Current work involves exploring non-typical steric zipper interactions. I have recently solved 3 more crystal structures of various segments of IAPP, one of which forms an out-of-register steric zipper. I have also solved 2 more out-of-register zipper structures of segments within p63 and p73, both paralogs of p53 and suggested to co-aggregate with mutant p53. Analysis of these out-of-register structures show that there is no weak interface among the hydrogen bonding interactions, unlike other structures that have displayed out-of-register packing. Interestingly, cell viability assays showed that these peptides are not very toxic, suggesting the importance of these weak interfaces in amyloid toxicity. This work further confirms the polymorphic nature of amyloids.
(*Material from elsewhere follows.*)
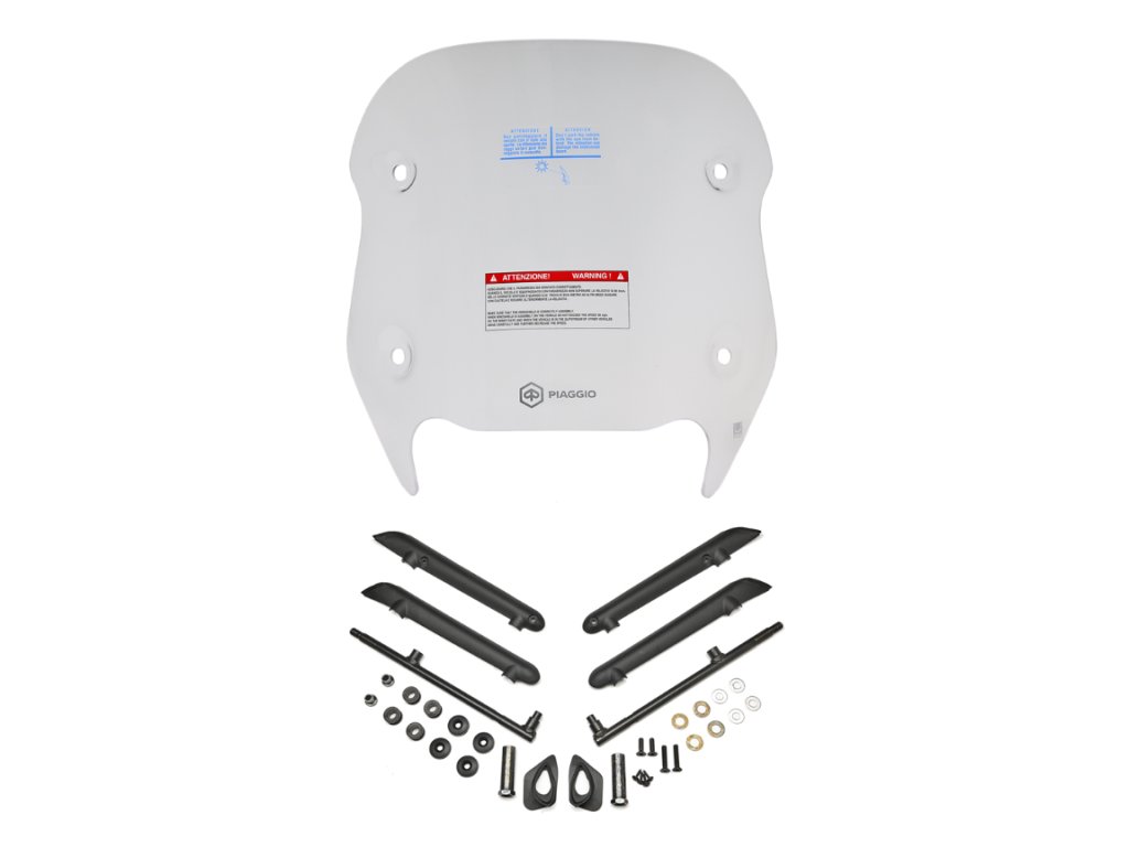 Sada držáku a plexi z nárazuvzdorného polymethylmethakrylátu (PMMA). Tloušťka 4 mm, výška 408 x šířka 399 mm, průhledná barva. Testováno a schváleno výzkumným a vývojovým centrem Piaggio.

The results embodied in this dissertation have assisted in advancing our understanding of molecular basis for amyloid fibril polymorphism and provides a preliminary characterization of the potential toxic amyloid oligomer cylindrin. In addition, the new crystallization methodology described in this work has the potential to improve the chances of crystallizing longer amyloid segments and additional proteins of unknown structure. Greater comprehension of the structural details of amyloid proteins not only can shed light into amyloid-aggregation mechanisms, but can also offer insight into the mechanisms of toxicity and aid in the development of therapeutics that target amyloid fibrillization and block aggregation.